Accelerate direct solvers: square systems#

This notebook shows the optional Apple Accelerate direct-solver path for square sparse systems. Accelerate support is available in published macOS wheels. If you are using an editable/source build, see the installation guide for the required CMAKE_ARGS feature gate.

Accelerate-backed solves use opaque Apple factorization objects. This is why the API lives behind linalg.factorized and linalg.spsolve rather than sparse_lu or sparse_cholesky: the explicit-factor APIs promise mlx-sparse CSRArray factors, while Accelerate does not expose factors in that form.

import mlx.core as mx
import numpy as np
import scipy.sparse

import mlx_sparse as ms
from mlx_sparse import linalg

INSTALLATION = "https://mlx-sparse.readthedocs.io/en/latest/installation.html"

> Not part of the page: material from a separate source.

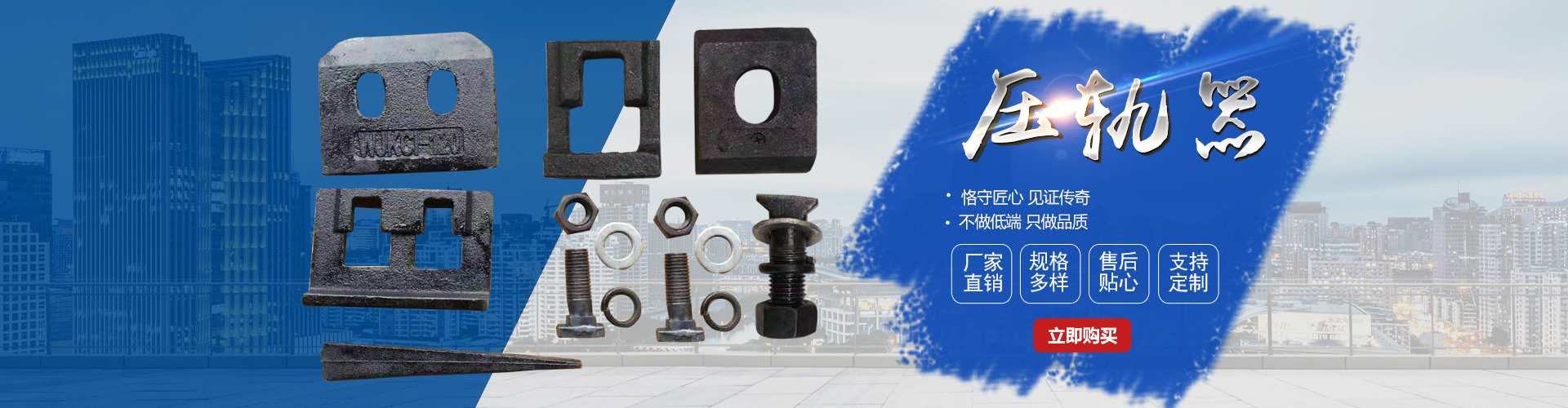 主要產品:鐵路配件、行車配件、工礦配件、魚尾板、道釘、壓軌器、軌道壓板、軌距拉桿、護軌扣板、T型螺栓、魚尾螺栓、彈條、軌距擋板

print("Accelerate status:", ms.capabilities.status("accelerate"))
print("Accelerate available:", ms.capabilities.ACCELERATE)
print("Reason:", ms.capabilities.reason("accelerate"))

if not ms.capabilities.ACCELERATE:
    raise RuntimeError(
        "This notebook requires an Accelerate-enabled build. "
        f"For editable/source installs, follow {INSTALLATION}."
    )
Accelerate status: available
Accelerate available: True
Reason: Accelerate support is compiled and running on Darwin.

A sparse SPD test system#

The matrix below is a tridiagonal SPD operator. It is small enough to inspect but still exercises the same public API as larger systems. We keep CSR, CSC, and COO views because Accelerate accepts all three public sparse formats after validation and canonical CSC normalization.

n = 8
main = np.full(n, 4.0, dtype=np.float32)
off = np.full(n - 1, -1.0, dtype=np.float32)
A_sp = scipy.sparse.diags([off, main, off], [-1, 0, 1], format="csr")

A_csr = ms.from_scipy(A_sp, format="csr")
A_csc = ms.from_scipy(A_sp, format="csc")
A_coo = ms.from_scipy(A_sp, format="coo")

b_np = np.linspace(1.0, 2.4, n, dtype=np.float32)
b = mx.array(b_np)

B_np = np.stack(
    [b_np, b_np[::-1], np.ones(n, dtype=np.float32)],
    axis=1,
)
B = mx.array(B_np)

print(f"shape={A_csr.shape}, nnz={A_csr.nnz}")
print("formats:", type(A_csr).__name__, type(A_csc).__name__, type(A_coo).__name__)
shape=(8, 8), nnz=22
formats: CSRArray CSCArray COOArray

Reusable Cholesky solve#

For SPD systems, method="cholesky" is the most specific direct solver. It factorizes once and can then solve either a vector right-hand side or a matrix of right-hand sides. That reuse is the main reason to prefer factorized over repeated calls to spsolve.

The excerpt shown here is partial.